Abstract

Based on proportional changes in V(O(2))(,max) with alterations in O(2) delivery, it is widely held that O(2) availability limits V(O(2))(,max). In contrast, reductions in V(O(2))(,max) are also seen when mitochondrial oxidative capacity is reduced. Taken collectively, these prior results are consistent with the notion that there is not a single-step limitation to V(O(2))(,max). We used a pump-perfused rat hindlimb model to test the hypothesis that combining moderate reductions in O(2) delivery and mitochondrial oxidative capacity would yield a greater reduction in V(O(2))(,max) than seen when performing each intervention independently, demonstrating an interaction between O(2) supply and mitochondrial oxidative capacity in determining V(O(2))(,max).
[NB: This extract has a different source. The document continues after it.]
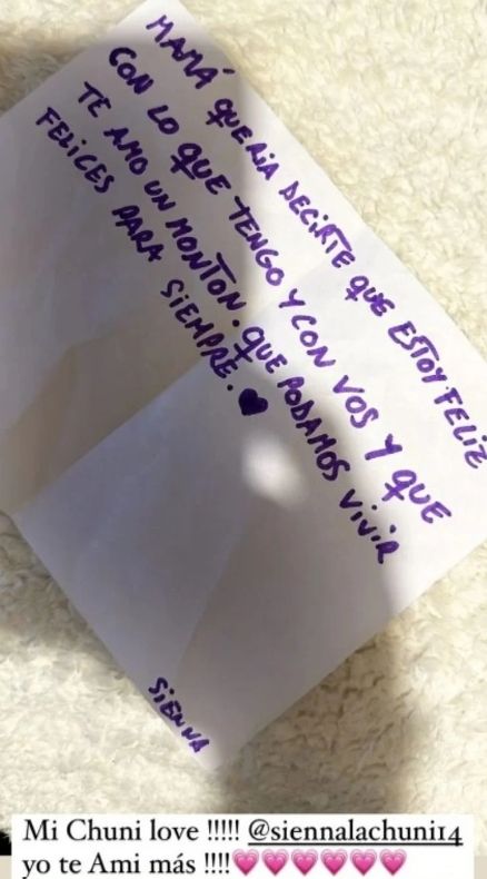 “Mamá, quería decirte que estoy feliz con lo que tengo y con vos. Y que te amo un montón. Que podamos vivir felices para siempre”, le escribió la niña. “Mi Chuni love. Sienna, yo te amo más”, le respondió Nicole, al publicar la tierna cartita.

Four groups of animals were studied: two in high O(2) delivery conditions (hindlimb O(2) delivery: 88 +/- 1 micromol O(2) min(-1); mean +/- S.E.M.) and two in moderately reduced O(2) delivery conditions (66 +/- 2 micromol O(2) min(-1)). One group at each level of O(2) delivery was treated with 0.1 microM myxothiazol to reduce mitochondrial oxidative capacity via competitive inhibition of NADH cytochrome c reductase. V(O(2))(,max) in control animals (no myxothiazol) was 29 % lower in the moderately reduced O(2) delivery group (592 +/- 24 mmol O(2) min(-1) (100 g)(-1)); P < 0.05) than in the high O(2) delivery group (833 +/- 63 micromol O(2) min(-1) (100 g)(-1)). Similarly, V(O(2))(,max) was reduced by 29 % (594 +/- 22 micromol O(2) min(-1) (100 g)(-1)); P < 0.05) in myxothiazol-treated animals in high O(2) delivery conditions compared to control animals in high O(2) delivery conditions. When myxothiazol treatment was combined with moderately reduced O(2) delivery, V(O(2))(,max) was reduced by an additional 18 % (484 +/- 21 micromol O(2) min(-1) (100 g)(-1)); P < 0.05) compared to either intervention performed independently. These results show that O(2) supply and mitochondrial oxidative capacity interact to determine V(O(2))(,max).